* [Records]:
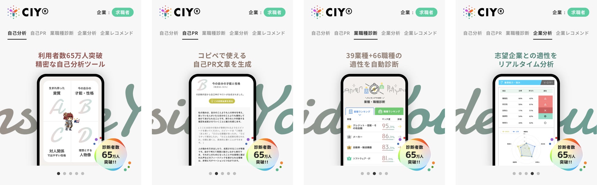 CIY®は、就活生や転職希望者向けに、自己分析や適性の高い業種・職種のアドバイスを行なう採用ツールです。
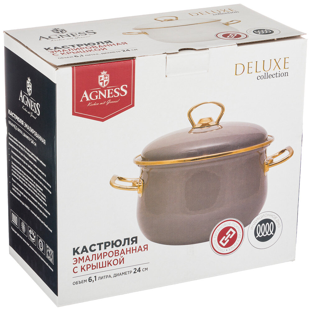 Кастрюля Кастрюля 951-105 agness эмалированная с крышкой, серия deluxe, 6,1 л
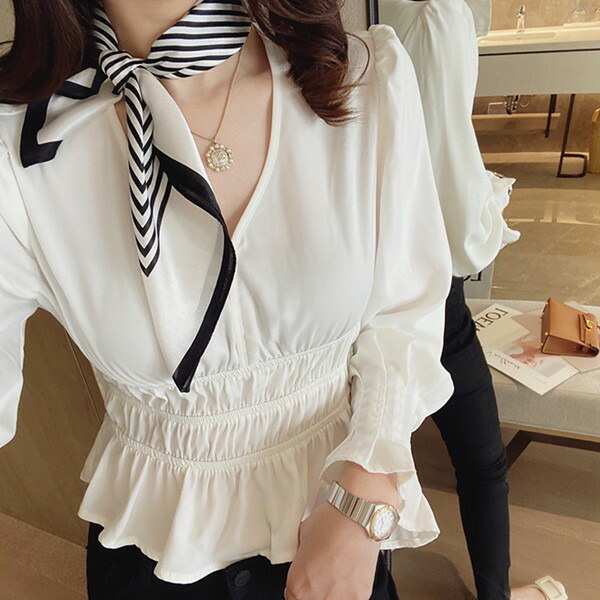 シアースリーブ ドッキングシャツ ボウタイシャツブラウス
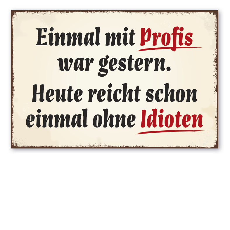 Merkmale des Retro Schildes / Vintage-Schildes Einmal mit Profis war gestern. Heute reicht schon einmal ohne Idioten - VIN-1579:
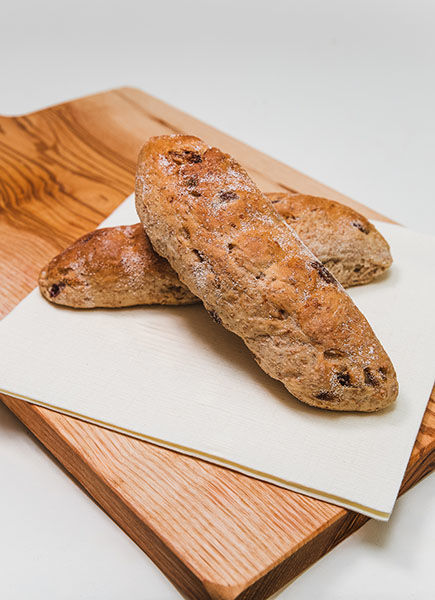 water, tarwe bloem (25%) (GLUTEN), tarwe meel (25%), rozijnen (10%), hazelnoten (5%) (HAZELNOTEN), gist, Uniplus, koolzaadolie, enzymen, meelverbeteraar E300, zout.
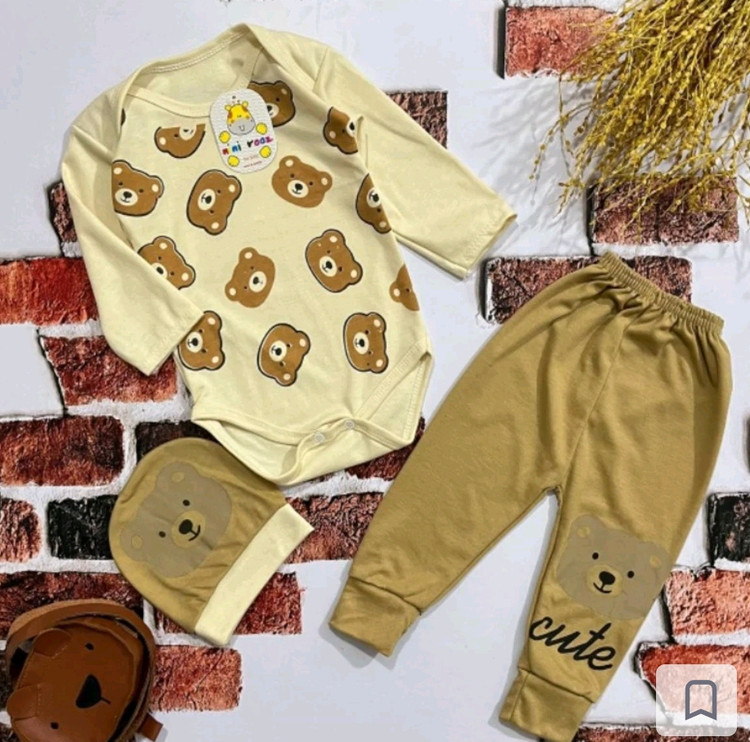 سیسمونی نوزادی بادی و شلوار طرح تدی شکلاتی
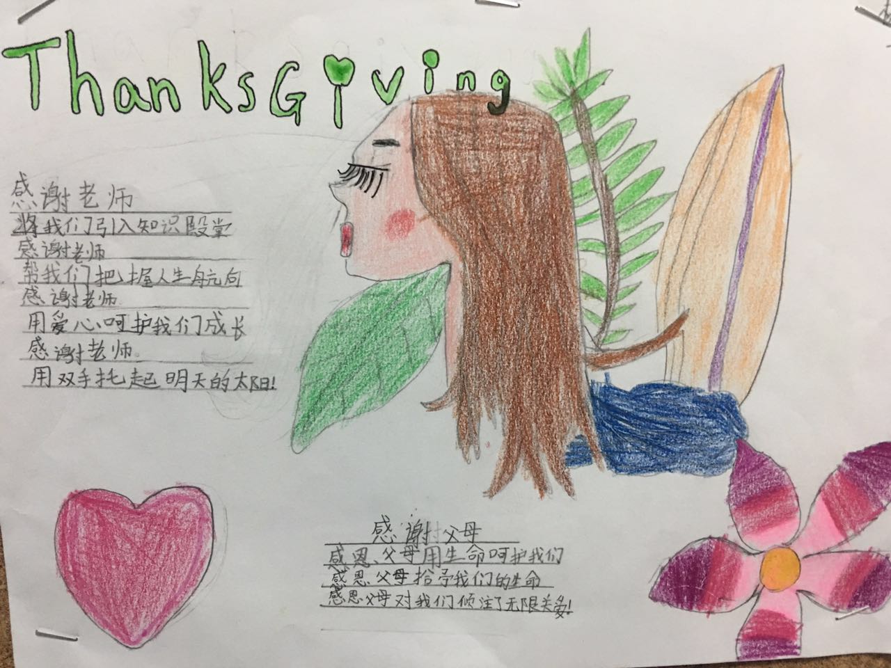 英语课上学生们不仅了解了西方感恩节文化,还学习了英文歌曲Five Little Turkeys、Thanks-giving Day,并制作了感恩贺卡。这些活动虽说只是表达情感的一种形式,是可以结束的,但同学们的感恩之心都将会被唤醒,感恩之行也将一直延续下去。只要你愿意,每一天都可以是感恩节!
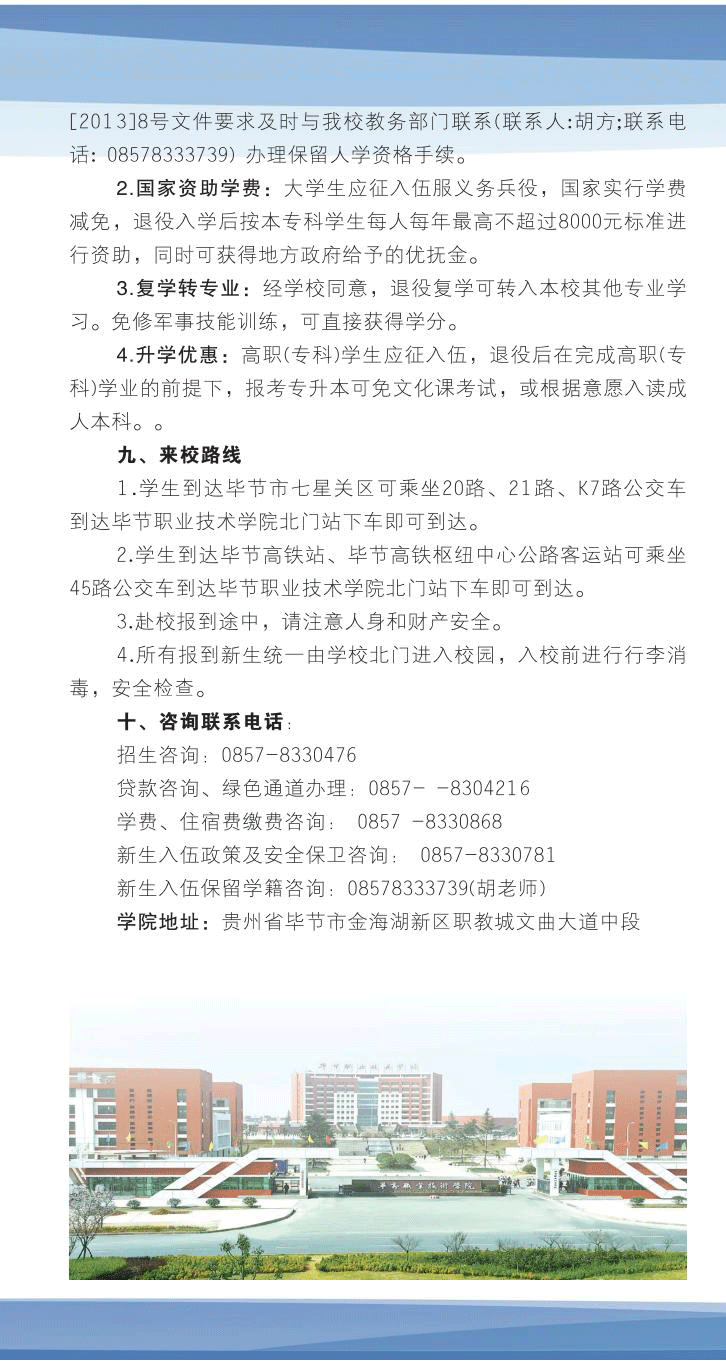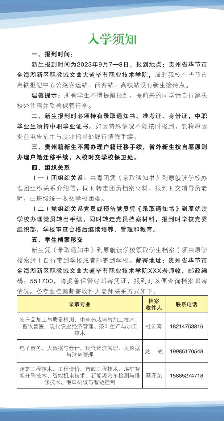 毕节职业技术学院2023年新生入学指南
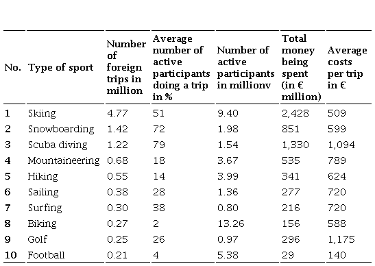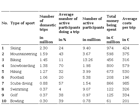 Considering all 71 types of sport, members of German households ≥ 16 years went on approximately 28 million trips in 2010 (there is no information on how many members of a household travel together as individuals were surveyed). With respect to a population of 80 million people, this is an extremely high number of instances of sport-related travel. Germans went on at least 113 million trips in Germany alone in 2010 (Deutscher Tourismusverband, 2011). On average, Germans spent € 460 for each sport-related trip. Thus, German households have spent around € 12.8 bn in 2010.
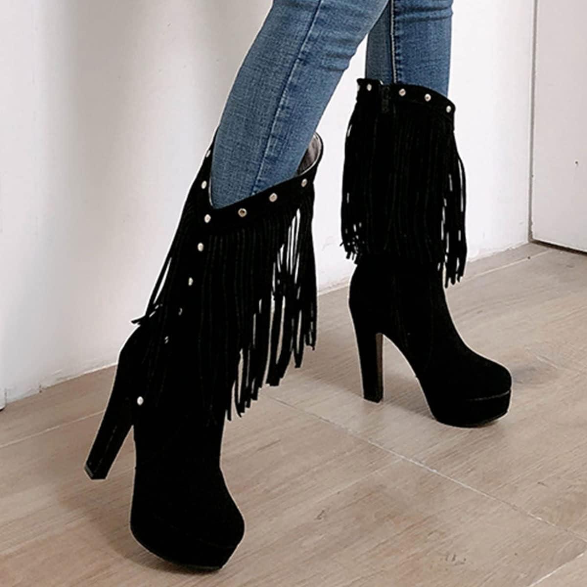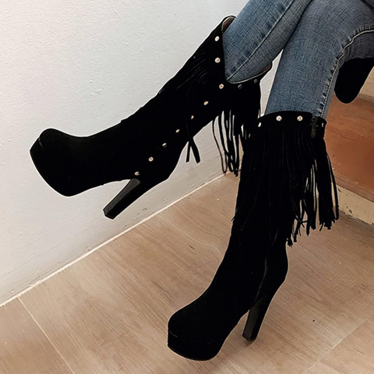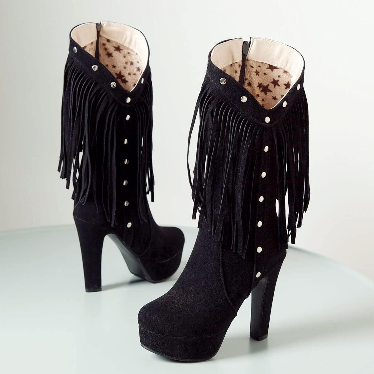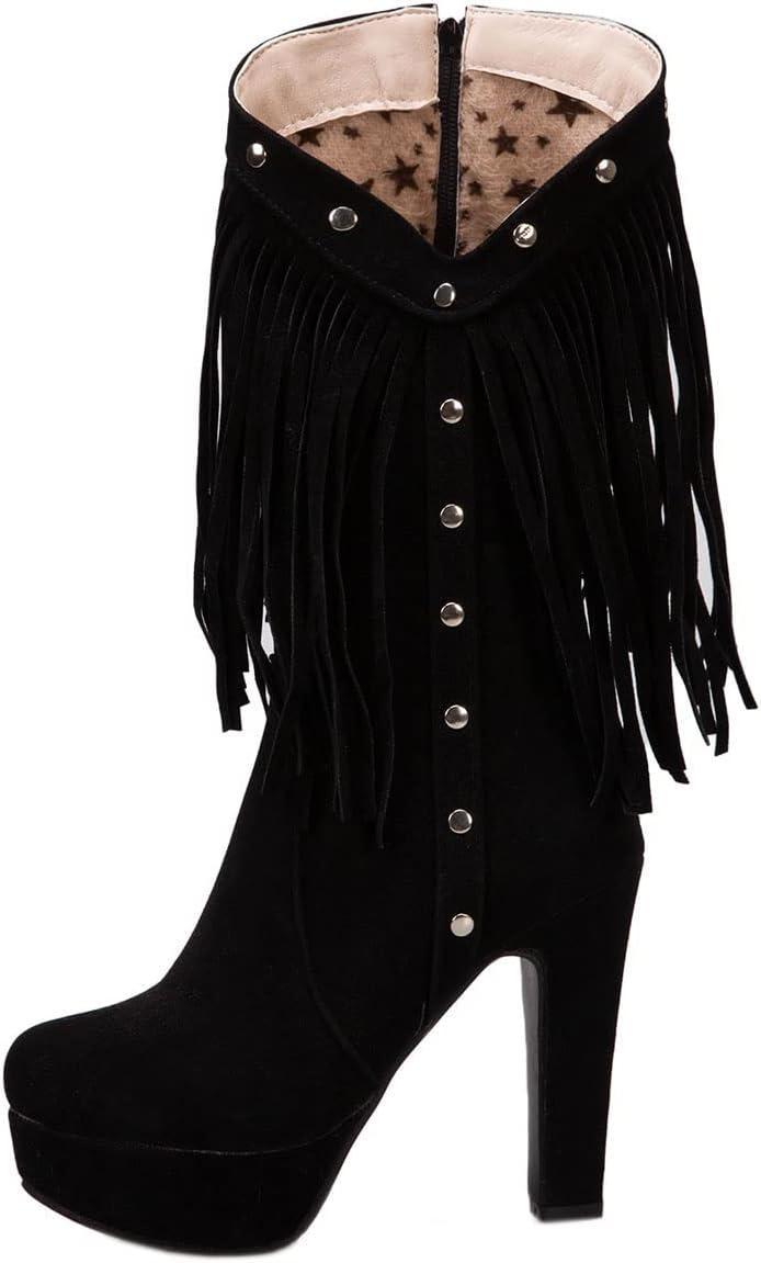 SHEMEE Women's Chunky High Heel Platform Mid Calf Boots Tassel Side Zipper Round Toe Boot Shoes(Black)

* [Exercise details]:
Each entry must be reproduced word for word, and any image among them left out.

* [Exercise answer]:
 CIY®は、就活生や転職希望者向けに、自己分析や適性の高い業種・職種のアドバイスを行なう採用ツールです。
 Кастрюля Кастрюля 951-105 agness эмалированная с крышкой, серия deluxe, 6,1 л
 シアースリーブ ドッキングシャツ ボウタイシャツブラウス
 Merkmale des Retro Schildes / Vintage-Schildes Einmal mit Profis war gestern. Heute reicht schon einmal ohne Idioten - VIN-1579:
 water, tarwe bloem (25%) (GLUTEN), tarwe meel (25%), rozijnen (10%), hazelnoten (5%) (HAZELNOTEN), gist, Uniplus, koolzaadolie, enzymen, meelverbeteraar E300, zout.
 سیسمونی نوزادی بادی و شلوار طرح تدی شکلاتی
 英语课上学生们不仅了解了西方感恩节文化,还学习了英文歌曲Five Little Turkeys、Thanks-giving Day,并制作了感恩贺卡。这些活动虽说只是表达情感的一种形式,是可以结束的,但同学们的感恩之心都将会被唤醒,感恩之行也将一直延续下去。只要你愿意,每一天都可以是感恩节!
 毕节职业技术学院2023年新生入学指南
 Considering all 71 types of sport, members of German households ≥ 16 years went on approximately 28 million trips in 2010 (there is no information on how many members of a household travel together as individuals were surveyed). With respect to a population of 80 million people, this is an extremely high number of instances of sport-related travel. Germans went on at least 113 million trips in Germany alone in 2010 (Deutscher Tourismusverband, 2011). On average, Germans spent € 460 for each sport-related trip. Thus, German households have spent around € 12.8 bn in 2010.
 SHEMEE Women's Chunky High Heel Platform Mid Calf Boots Tassel Side Zipper Round Toe Boot Shoes(Black)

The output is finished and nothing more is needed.